- YOUR TASK: Transcribe the listing underneath, keeping each word exact and omitting the images.

- GIVEN DATA:
——

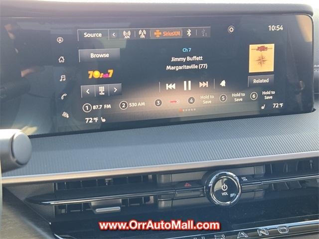 20" Alloy Wheels, 4-Wheel Disc Brakes, 6 Speakers, ABS brakes, Air Conditioning, Alloy wheels, Auto High-beam Headlights, Automatic temperature control, Brake assist, Bumpers: body-color, Carpeted Floor & Cargo Mats, Child-Seat-Sensing Airbag, Compass, Delay-off headlights, Driver door bin, Driver vanity mirror, Dual front impact airbags, Dual front side impact airbags, Electronic Stability Control, Four wheel independent suspension, Front anti-roll bar, Front Bucket Seats, Front Center Armrest, Front dual zone A/C, Front reading lights, Fully automatic headlights, Grained Splash Guards, Heated door mirrors, Heated Front Bucket Seats, Heated front seats, Illuminated entry, Knee airbag, Low tire pressure warning, Occupant sensing airbag, Outside temperature display, Overhead airbag, Overhead console, Panic alarm, Passenger door bin, Passenger vanity mirror, Power door mirrors, Power driver seat, Power Liftgate, Power passenger seat, Power steering, Power windows, PVC (Leatherette) Seat Trim, Radio data system, Radio: NissanConnect, Rear anti-roll bar, Rear reading lights, Rear seat center armrest, Rear side impact airbag, Rear window defroster, Rear window wiper, Remote keyless entry, Security system, SiriusXM, Speed control, Speed-Sensitive Wipers, Split folding rear seat, Spoiler, Steering wheel mounted audio controls, Tachometer, Telescoping steering wheel, Tilt steering wheel, Traction control, Trip computer, USB Charging Cables, Variably intermittent wipers, and Wireless Apple CarPlay/Wireless Android Auto.
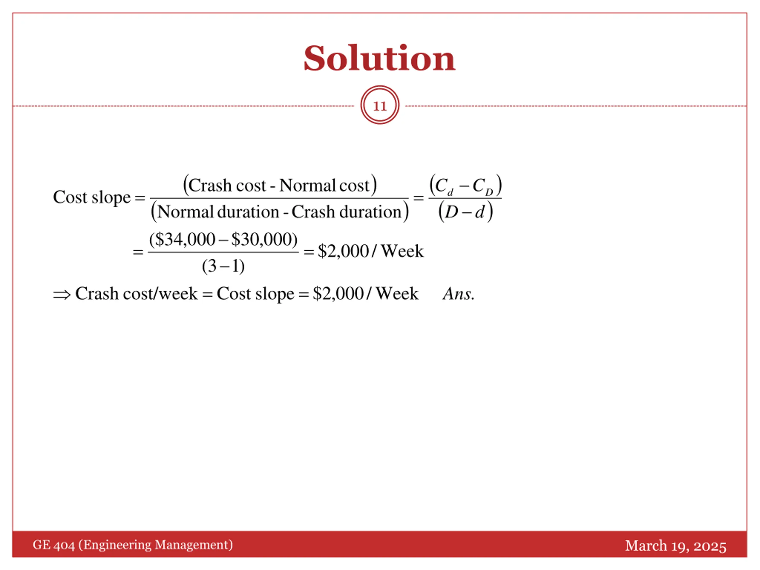 Solution 11 ( ) ( ) Crash cost - Normal cost C C = = Cost slope d D ( ($ ) ( ) Normal duration - Crash duration D d 34 000 , 30 $ 000 , ) = = , 2 $ 000 / Week ) 1 3 ( = = Crash cost/week Cost slope , 2 $ 000 / Week Ans. March 19, 2025 GE 404 (Engineering Management)
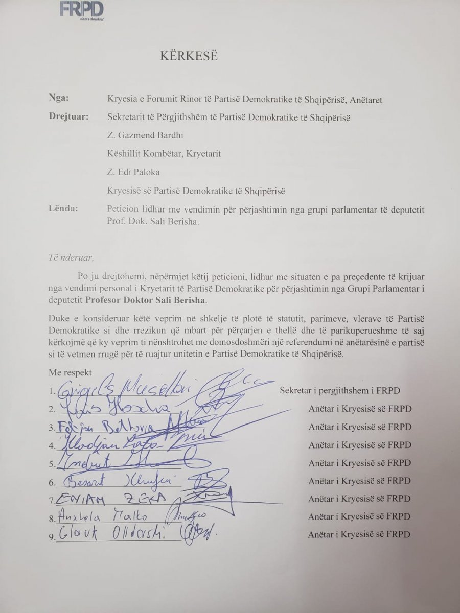 Nuk ka qetësi në selinë blu në Tiranë. Sot FRD, organizata kryesore e rinisë së PD-së, kërkon Referendum partiak për vendimin e Lulzim Bashës për përjashtimin e ish-liderit Berisha.

——

- RESULT OF THE TASK:
 20" Alloy Wheels, 4-Wheel Disc Brakes, 6 Speakers, ABS brakes, Air Conditioning, Alloy wheels, Auto High-beam Headlights, Automatic temperature control, Brake assist, Bumpers: body-color, Carpeted Floor & Cargo Mats, Child-Seat-Sensing Airbag, Compass, Delay-off headlights, Driver door bin, Driver vanity mirror, Dual front impact airbags, Dual front side impact airbags, Electronic Stability Control, Four wheel independent suspension, Front anti-roll bar, Front Bucket Seats, Front Center Armrest, Front dual zone A/C, Front reading lights, Fully automatic headlights, Grained Splash Guards, Heated door mirrors, Heated Front Bucket Seats, Heated front seats, Illuminated entry, Knee airbag, Low tire pressure warning, Occupant sensing airbag, Outside temperature display, Overhead airbag, Overhead console, Panic alarm, Passenger door bin, Passenger vanity mirror, Power door mirrors, Power driver seat, Power Liftgate, Power passenger seat, Power steering, Power windows, PVC (Leatherette) Seat Trim, Radio data system, Radio: NissanConnect, Rear anti-roll bar, Rear reading lights, Rear seat center armrest, Rear side impact airbag, Rear window defroster, Rear window wiper, Remote keyless entry, Security system, SiriusXM, Speed control, Speed-Sensitive Wipers, Split folding rear seat, Spoiler, Steering wheel mounted audio controls, Tachometer, Telescoping steering wheel, Tilt steering wheel, Traction control, Trip computer, USB Charging Cables, Variably intermittent wipers, and Wireless Apple CarPlay/Wireless Android Auto.
 Solution 11 ( ) ( ) Crash cost - Normal cost C C = = Cost slope d D ( ($ ) ( ) Normal duration - Crash duration D d 34 000 , 30 $ 000 , ) = = , 2 $ 000 / Week ) 1 3 ( = = Crash cost/week Cost slope , 2 $ 000 / Week Ans. March 19, 2025 GE 404 (Engineering Management)
 Nuk ka qetësi në selinë blu në Tiranë. Sot FRD, organizata kryesore e rinisë së PD-së, kërkon Referendum partiak për vendimin e Lulzim Bashës për përjashtimin e ish-liderit Berisha.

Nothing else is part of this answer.